CollapseProject rule is slow and
some of the expression optimization rules running on the huge, not yet simplified expression tree of the single, collapsed Project node are slow.

On Spark 3.3, after SPARK-36718, CollapseProject doesn't collapse such plans so the above issues don't occur,
but PhysicalOperation extractor has an issue that it also builds up that huge expression tree and then traverses and modifies it in AliasHelper.replaceAliasButKeepName(). With a small change in that function we can avoid such costly operations.

Why are the changes needed?

The suggested change reduced the plan generation time of the example query from minutes (range = 7) or hours (range = 8+) to seconds.

Does this PR introduce any user-facing change?

The example query can be executed.

How was this patch tested?

Existing UTs + manual test of the example query in the ticket description.

peter-toth · 2022-03-31T15:16:38Z

I think there is a build error currently on master:

[error] [error] /__w/spark/spark/sql/catalyst/src/test/scala/org/apache/spark/sql/catalyst/expressions/SubexpressionEliminationSuite.scala:426:22: not enough arguments for constructor TaskContextImpl: (stageId: Int, stageAttemptNumber: Int, partitionId: Int, taskAttemptId: Long, attemptNumber: Int, numPartitions: Int, taskMemoryManager: org.apache.spark.memory.TaskMemoryManager, localProperties: java.util.Properties, metricsSystem: org.apache.spark.metrics.MetricsSystem, taskMetrics: org.apache.spark.executor.TaskMetrics, cpus: Int, resources: Map[String,org.apache.spark.resource.ResourceInformation])org.apache.spark.TaskContextImpl.
[error] Unspecified value parameter metricsSystem.
[error]       val context1 = new TaskContextImpl(0, 0, 0, 0, 0, null, null, null, cpus = 0)
[error]                      ^
[error] one error found

cloud-fan · 2022-04-01T04:23:36Z

@peter-toth it should be fixed now, can you rebase this PR? thanks!
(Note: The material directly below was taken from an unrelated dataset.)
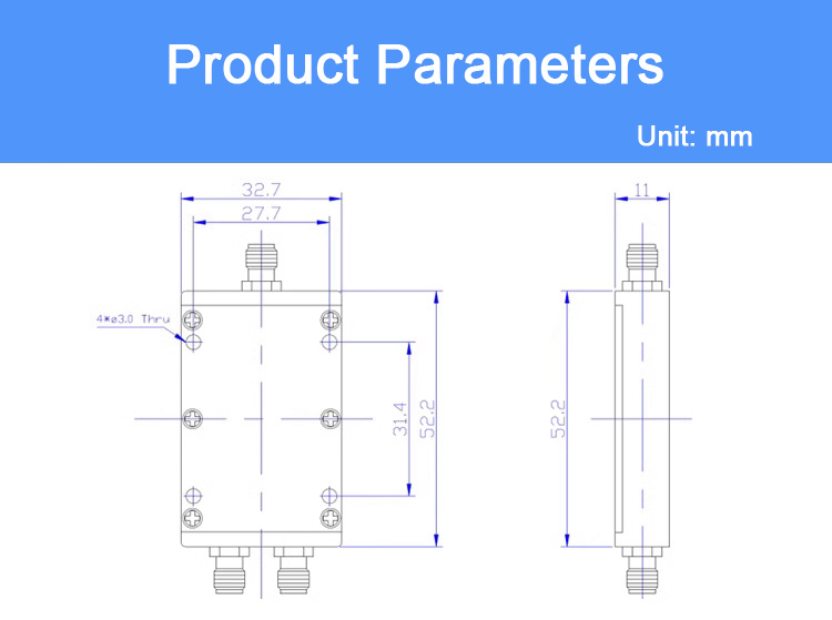 - Wide frequency band, low insertion loss, high isolation and stable performance

peter-toth · 2022-04-01T07:11:43Z

@peter-toth it should be fixed now, can you rebase this PR? thanks!

Thanks. Done.

dongjoon-hyun

+1, LGTM. Thank you, @peter-toth and @cloud-fan .
Merged to master for Apache Spark 3.4.

peter-toth · 2022-04-03T08:10:36Z

Thanks @cloud-fan, @dongjoon-hyun for the review!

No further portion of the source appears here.